## Available data
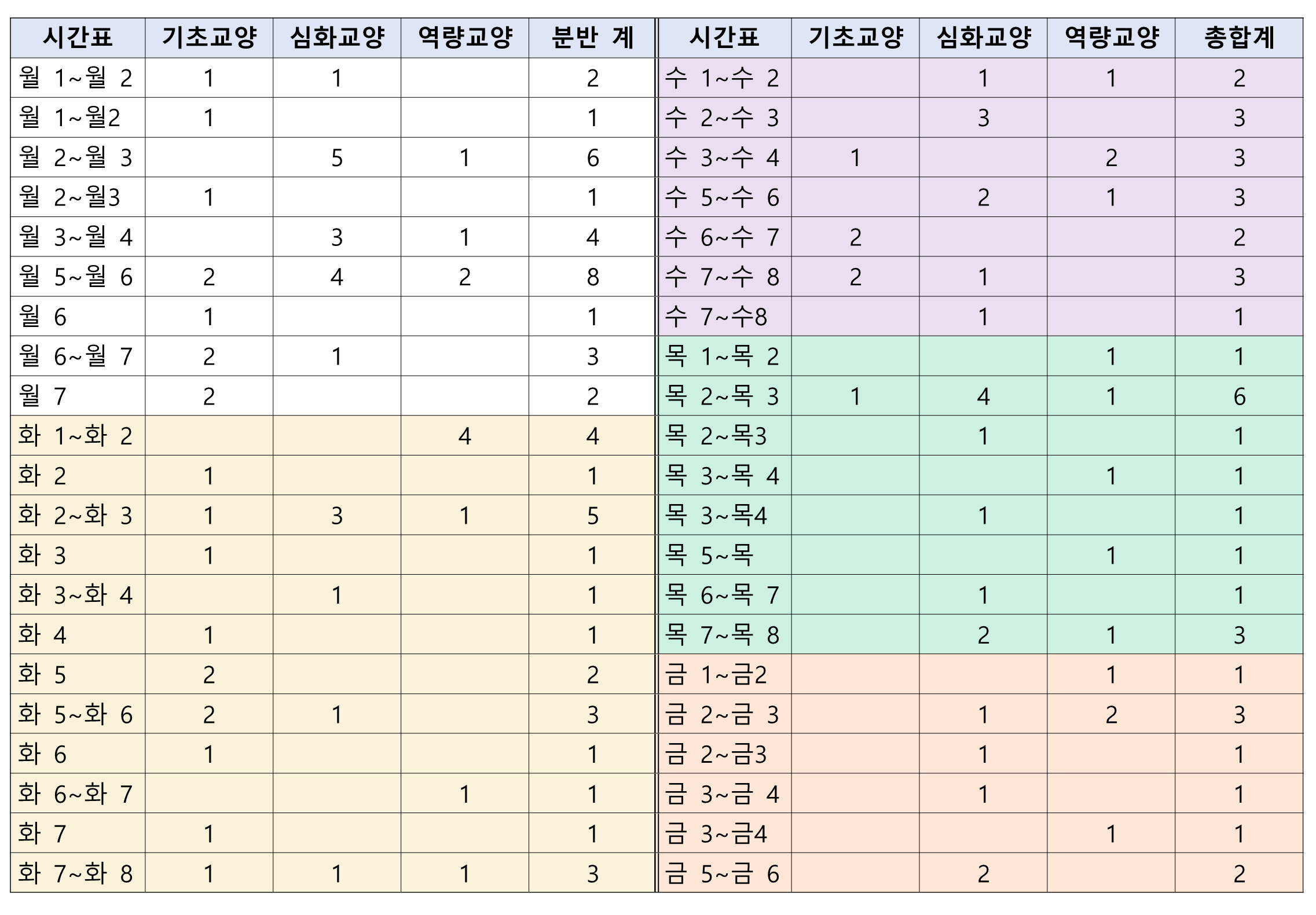 요일별 과목 확인은 첨부된 엑셀 파일을 확인하세요.
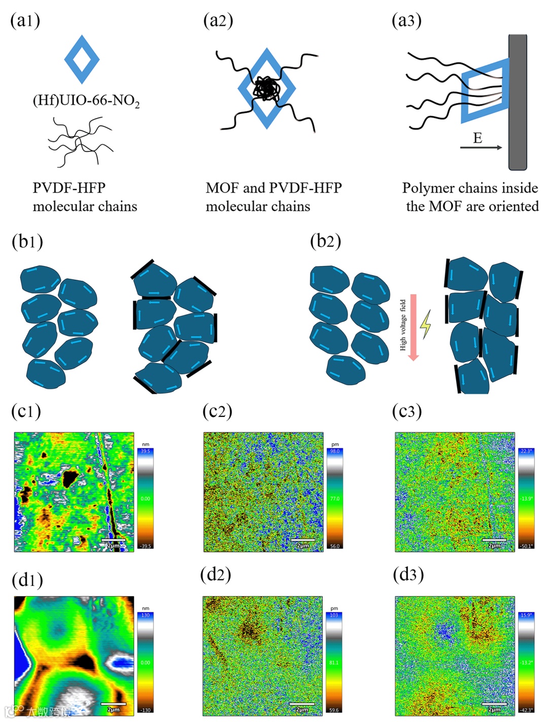 图3 a展示了MOF,二硫化钼,PVDF-HFP分子链三者之间可能存在的相互作用,MOF的多孔结构允许PVDF-HFP分子链渗入MOF内部,当MOF自组装在二硫化钼表面后,内置电场的作用促使MOF内部的分子链取向,同时在极化过程中,二硫化钼相比于MOF更容易受到电场的作用,从而使得PVDF-HFP中电畴取向,进而增强压电性。将异质结加入PVDF-HFP中进行浇筑,如图3c与图3d所示,图3d是加入异质结后的AFM图像,说明异质结的加入有助于促进PVDF-HFP结晶。
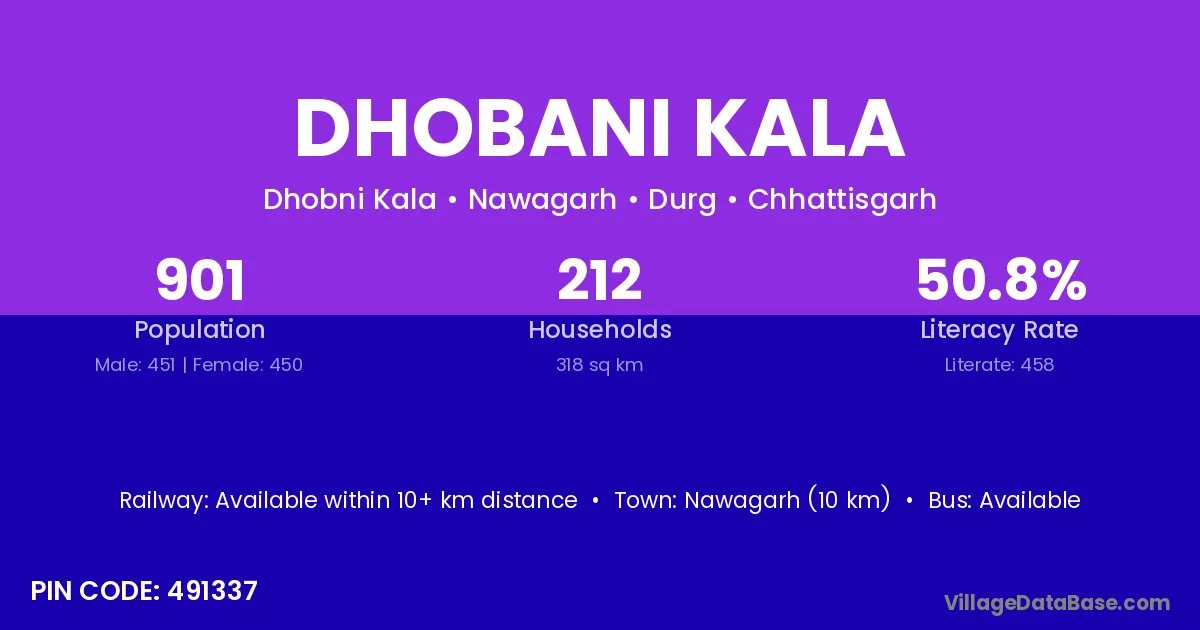 Nawagarh (10 km) is the nearest town to Dhobani Kala village for major economic activities and is located approximately 10 km away.
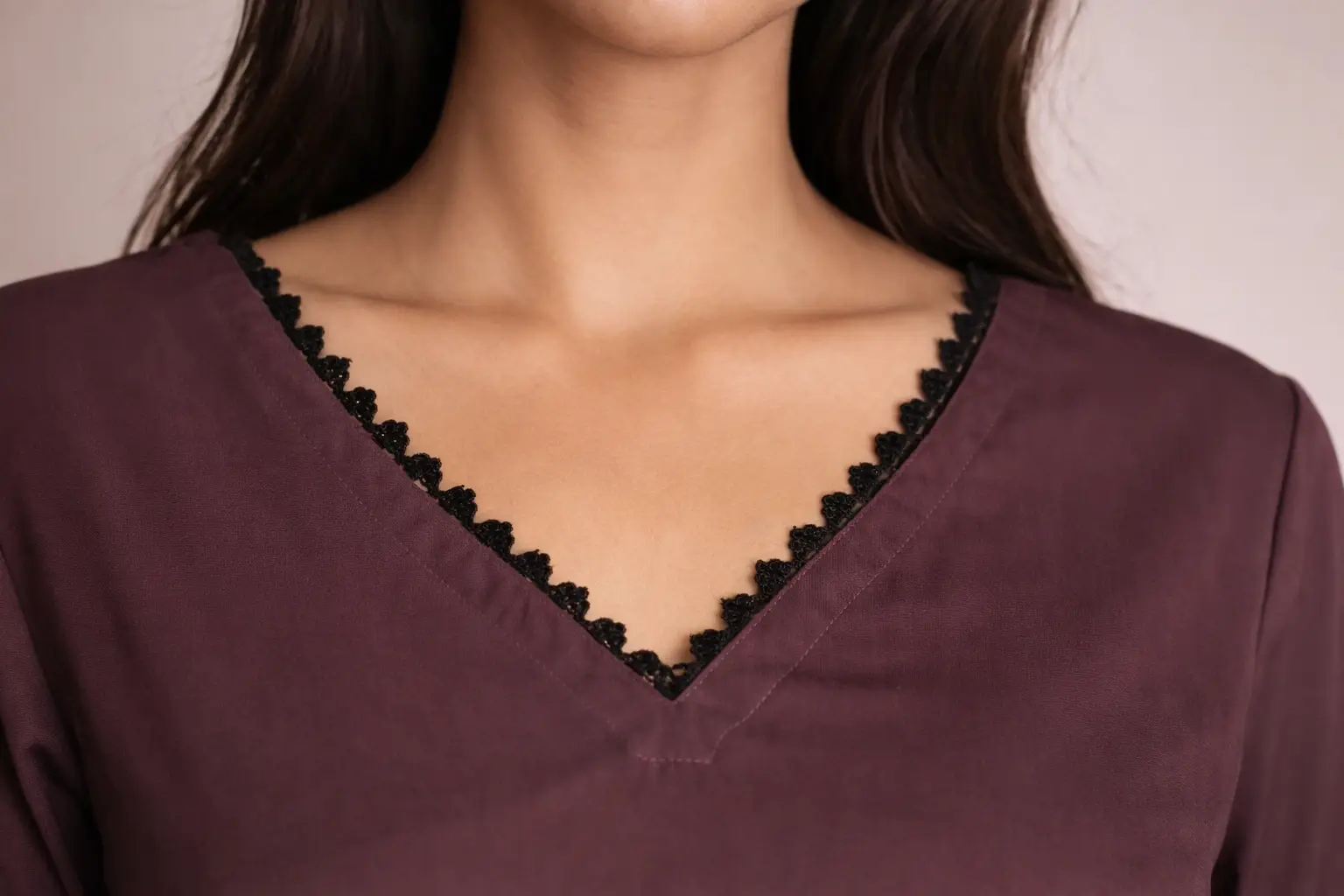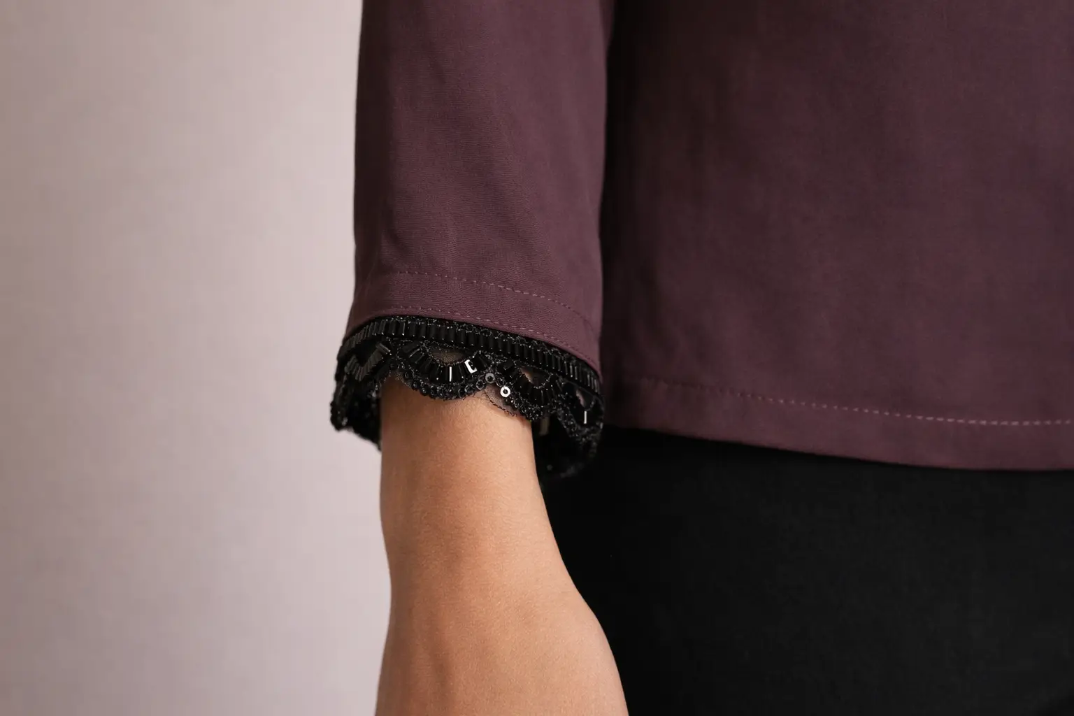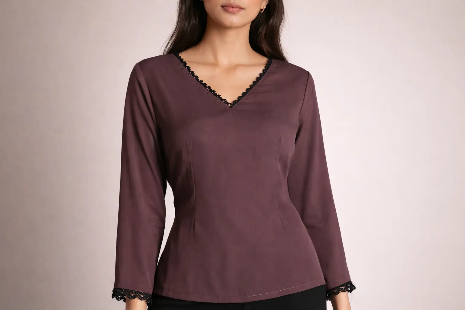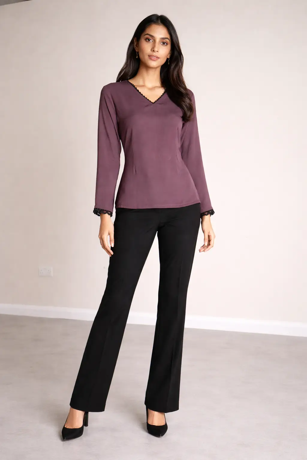 The Mauve Softline Top is crafted from structured crepe, offering a smooth drape with light shaping through the waist. The modest V neckline is framed with delicate black lace trim, creating contrast without overpowering the softness of the mauve tone.

## What is required
The whole listing should be reproduced exactly. Images don't go in.

## Solution
 요일별 과목 확인은 첨부된 엑셀 파일을 확인하세요.
 图3 a展示了MOF,二硫化钼,PVDF-HFP分子链三者之间可能存在的相互作用,MOF的多孔结构允许PVDF-HFP分子链渗入MOF内部,当MOF自组装在二硫化钼表面后,内置电场的作用促使MOF内部的分子链取向,同时在极化过程中,二硫化钼相比于MOF更容易受到电场的作用,从而使得PVDF-HFP中电畴取向,进而增强压电性。将异质结加入PVDF-HFP中进行浇筑,如图3c与图3d所示,图3d是加入异质结后的AFM图像,说明异质结的加入有助于促进PVDF-HFP结晶。
 Nawagarh (10 km) is the nearest town to Dhobani Kala village for major economic activities and is located approximately 10 km away.
 The Mauve Softline Top is crafted from structured crepe, offering a smooth drape with light shaping through the waist. The modest V neckline is framed with delicate black lace trim, creating contrast without overpowering the softness of the mauve tone.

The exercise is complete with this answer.